Very few commentators or policy officials have the nerve to call for restoring taxes on the super-rich to the levels they paid from the 1930s through the 1970s. (Back then, their tax rate was up to 91%. Now they pay as little as 15% because they can claim their booty as "capital gains.") The 10 leading hedge fund managers each "earn" an average of $900,000 an hour (not a typo). Public officials and pundits should be calling such wildly excessive incomes a disgrace to democracy--especially given that without taxpayer bailouts the financial elites would have earned nothing at all. Instead we are told to admire the robbery as if it were a sign of entrepreneurial genius.

And, sure enough, we continue to admire the robbery. Think about it. How else could a group of people who caused our economic meltdown turn the tables and then be rewarded financially (bonuses & bailouts), legally (waivers), and with a politically opportunistic movement (Tea Party anyone?) that does their bidding? That Wall Street continues to have so much political influence after making a mess of things should be a national embarrassment.

At the end of the day, Wall Street and their political muscle in Congress continue to perpetuate the lie that we live in a free market economy. We don't (read The Myth of the Market). The reality is that Wall Street has become a voracious gambling den governed by favorable legislation and an irresponsible and clueless plutocracy.

Still, in the eyes of Congress, Wall Street continues to know best. Let's be blunt. As long as we continue to believe all we need to do is tinker on the margins of Wall Street's world, reform or no reform, we're in deep trouble.

- Mark

Thursday, July 1, 2010

FINANCIAL TERRORISTS REQUEST NATIONAL SECURITY PROTECTIONS?

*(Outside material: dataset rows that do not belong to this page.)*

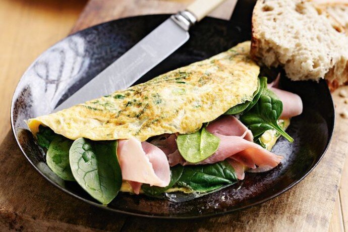 На одну половину омлета уложите ветчину и оставшийся шпинат, затем аккуратно сложите омлет пополам и переложите на тарелку.
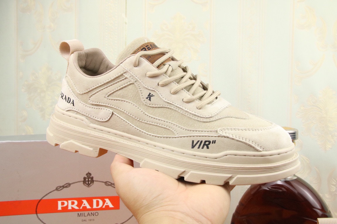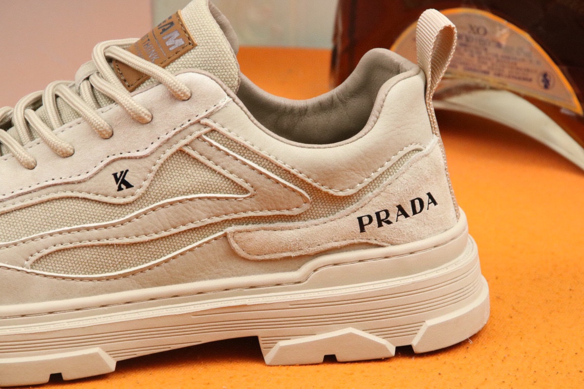 I5 高品质Prada 普拉达 上市著名奢侈品牌,专柜同步更新,意大利男鞋时尚杂志季刊封面主推款鞋面采用意大利进口头层牛皮拼接网布制作,舒适透气内里.原版防滑橡胶大底,上脚舒适有型. 细节无可挑剔.码数38-43
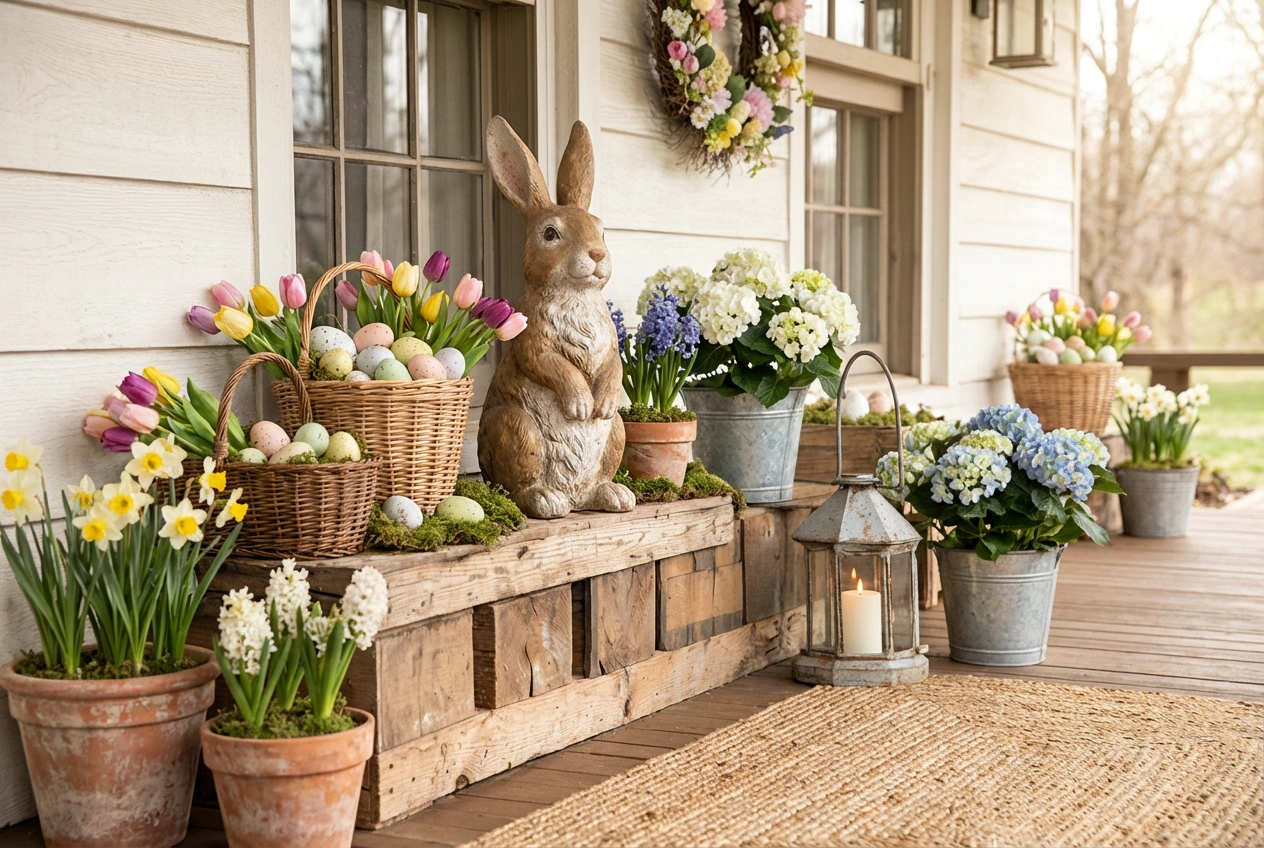 Easter Porch Decorations for a Vibrant Spring Front Porch Welcome
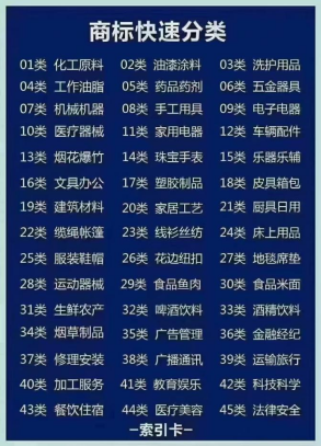 7.按商标局分类书,商标查询和注册是分45个类别(行业)的。
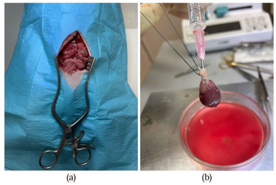 (a) Heart explantation—preparing the access to the retroperitoneum. (b) Representative image of rat heart before the decellularization process.
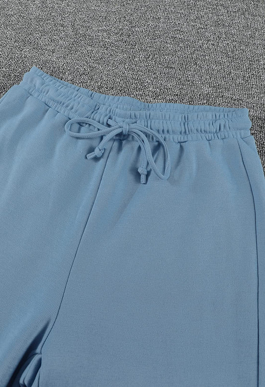 Fixmatti Women's 2 Piece Outfits Jogger and Sweatshirt Set Tracksuit Long Lantern Sleeve Sweatsuit Blue M
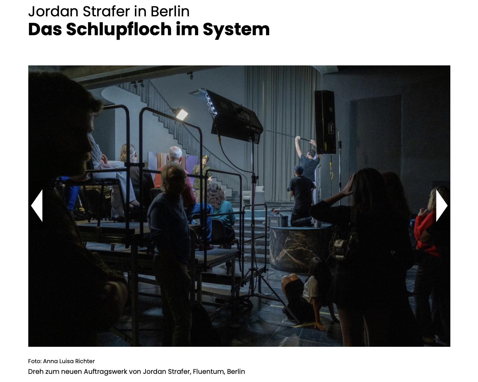 Diese Botschaft steht im Zentrum der Filmreihe „Loophole“ der US-amerikanischen Künstlerin Jordan Strafer, deren erste institutionelle Einzelausstellung in Deutschland gerade bei Fluentum in Berlin-Dahlem zu sehen ist. Anhand zweier Video-Arbeiten sowie einem Werk in progress veranschaulicht die Schau „Dissonance“, wie Strafer Mechanismen von Macht und Repräsentation offenlegt, die soziale Realitäten formen und die öffentliche Meinung beeinflussen.
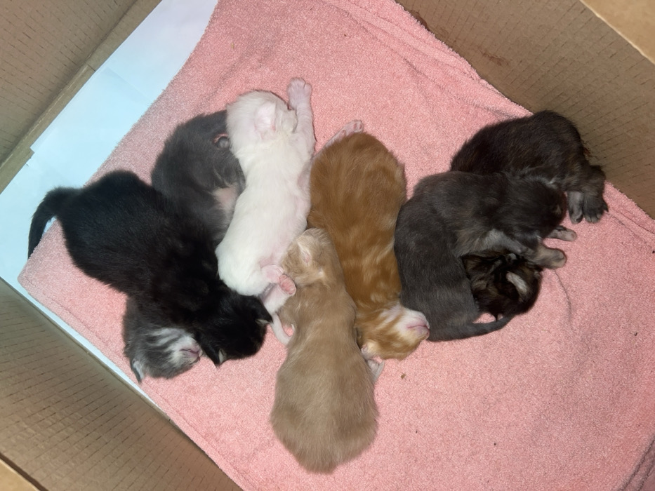 - "Eight small, short-haired felines, consistent with kittens, are depicted resting together within a brown cardboard box, the interior of which is lined with a folded, light pink terry cloth towel" by FM-Ke9ym1, licensed under CC BY 4.0

During the height of the market crisis in 2008 the Federal Reserve demanded unusual security procedures before sharing or supplying critical A.I.G. bailout related documents. The Securities and Exchange Commission (SEC) said that if it agreed to go along with the request it would store the information it received where national security related files are kept.

Imagine ... demanding national security status in exchange for information needed to secure public funds, to save a private firm no less. Incredible. While it's not novel to tie economics into national security, this request provides an entirely new twist to the national security state (it actually makes a joke of it). But it appears we now know why the request was made.

According to this New York Times article, A.I.G. effectively gave up it's right to sue Wall Street firms once it took bailout money. Wall Street titans like Goldman Sachs, and their financial partners in crime, effectively got a blanket waiver from lawsuits from A.I.G. Why did this happen? Because Wall Street's biggest firms were really trying to cover their butts, and we're using their buddies in Washington to help them do so.


One way for Wall Street's biggest firms to cover their butts and avoid lawsuits (and even jail time) was to get A.I.G. - the insurer of their toxic crap - to give up their right to sue on behalf of shareholders. So Wall Street's friends at the Federal Reserve and the Treasury Department made A.I.G. an offer they couldn't refuse: Waive your right to sue and take our money with full payouts, or go under.

As I've pointed out before (many times), I think it's time we start thinking about invoking the Racketeer Influenced and Corrupt Organizations Act of 1970 (RICO) to get some answers. Think about it. The only reason you would want to have your market information classified along national security lines AFTER the fact is because you've got something incriminating to hide (proprietary information, after all, doesn't need national security status). Any good prosecutor will tell you that a request to secure security status for documents suggests two things. Somebody has something to hide, and panic. Panic is good, if you're a good prosecutor.

To get a RICO case going on a Wall Street firm (which has been done before) the SEC would have to show a "pattern of racketeering activity" that was committed by an "ongoing criminal organization." What's more criminal than duping investors with toxic assets and then stealing taxpayer money?